**TASK BRIEF:** From top to bottom, return the listing exactly as it appears, omitting its images.

**SUPPLIED MATERIAL:**

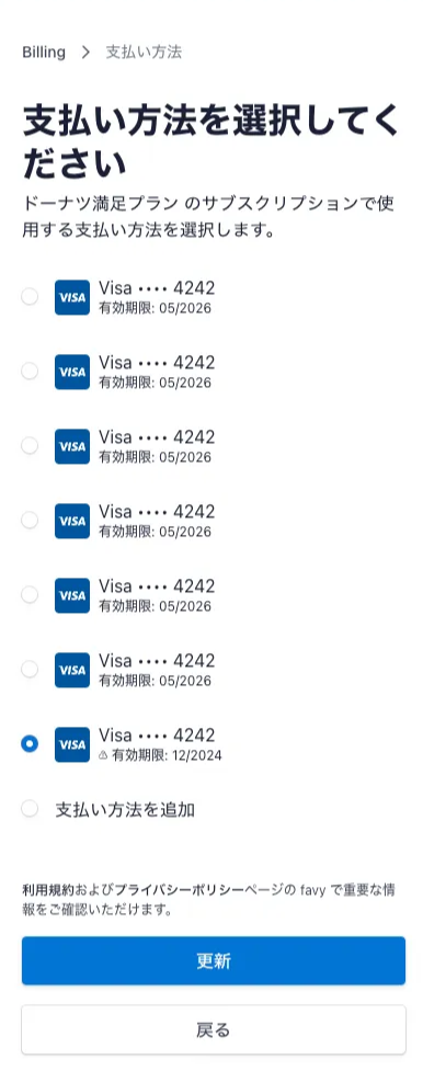 更新前告知メール内に記載の「支払い詳細の更新」をクリックし、favyアカウントにログインすると、クレジットカードの切り替えができるようになりました。
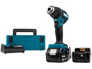 Fijne schroef/boormachine met twee accu's én druppellader in een handige doos. Doet wat je verwacht, maar ook geen bijzondere eigenschappen of materialen.
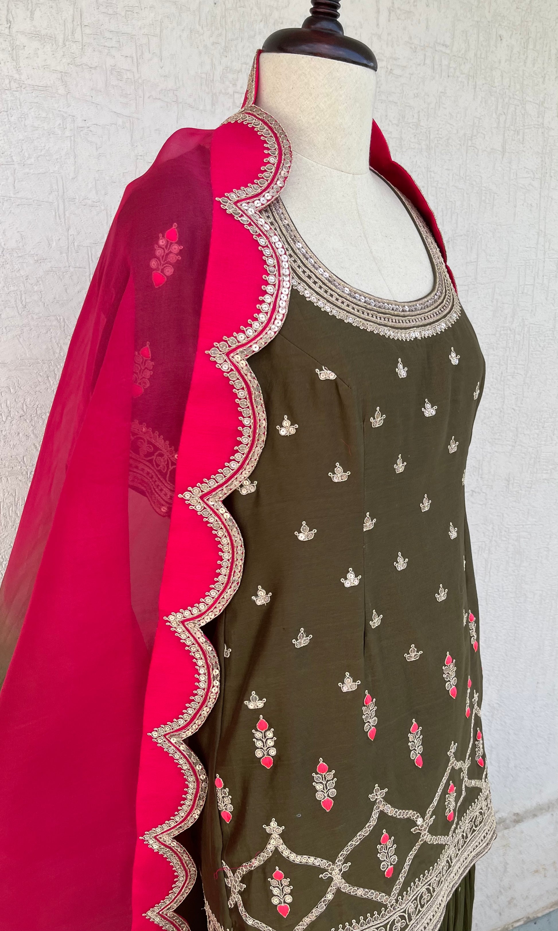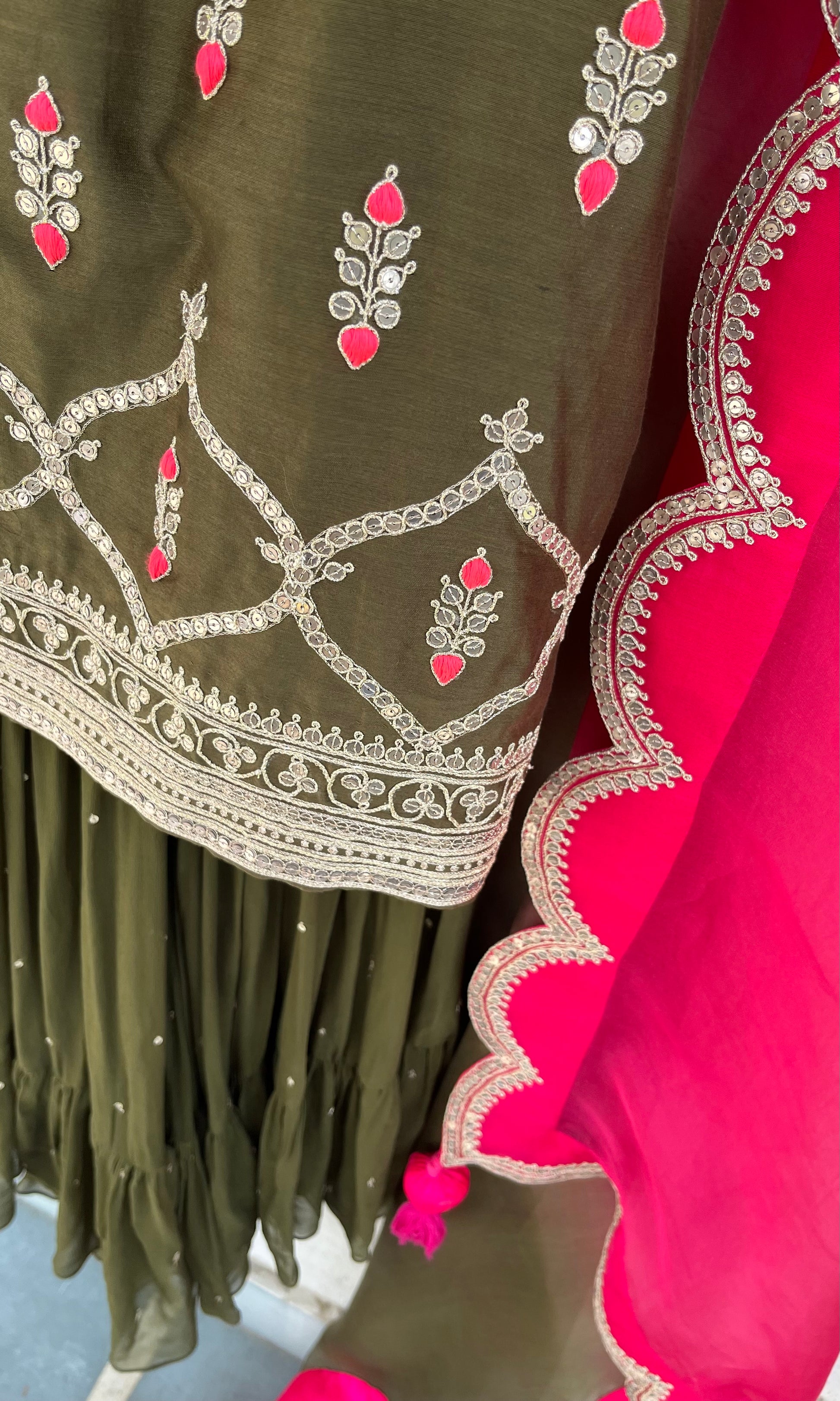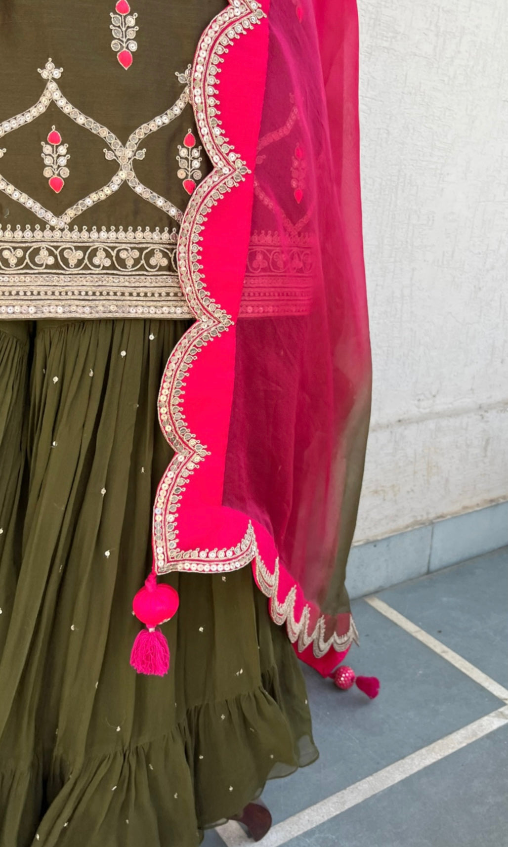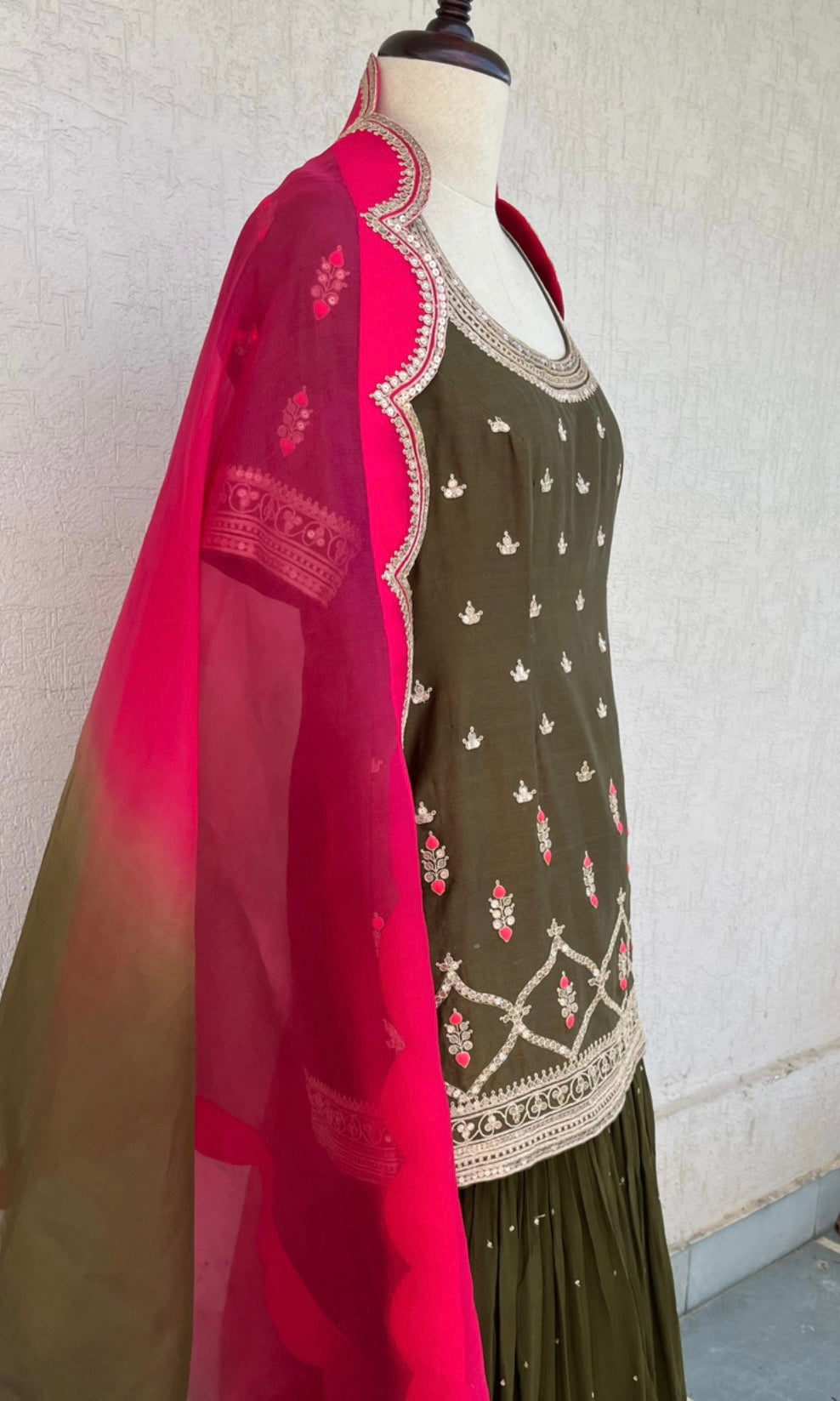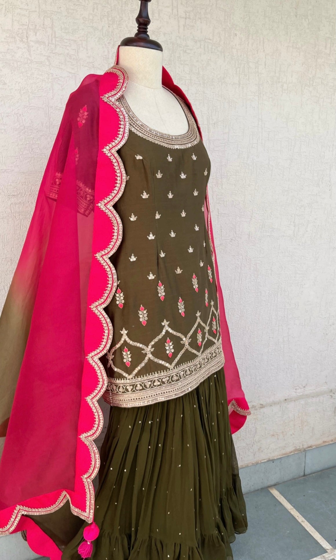 Olive Short Kurta, Georgette layered Gharara and Scallop Ombré and Magenta Organza Dupatta set with Hand Dori, sequins and thread embroidery

**RESPONSE BOX:**
 更新前告知メール内に記載の「支払い詳細の更新」をクリックし、favyアカウントにログインすると、クレジットカードの切り替えができるようになりました。
 Fijne schroef/boormachine met twee accu's én druppellader in een handige doos. Doet wat je verwacht, maar ook geen bijzondere eigenschappen of materialen.
 Olive Short Kurta, Georgette layered Gharara and Scallop Ombré and Magenta Organza Dupatta set with Hand Dori, sequins and thread embroidery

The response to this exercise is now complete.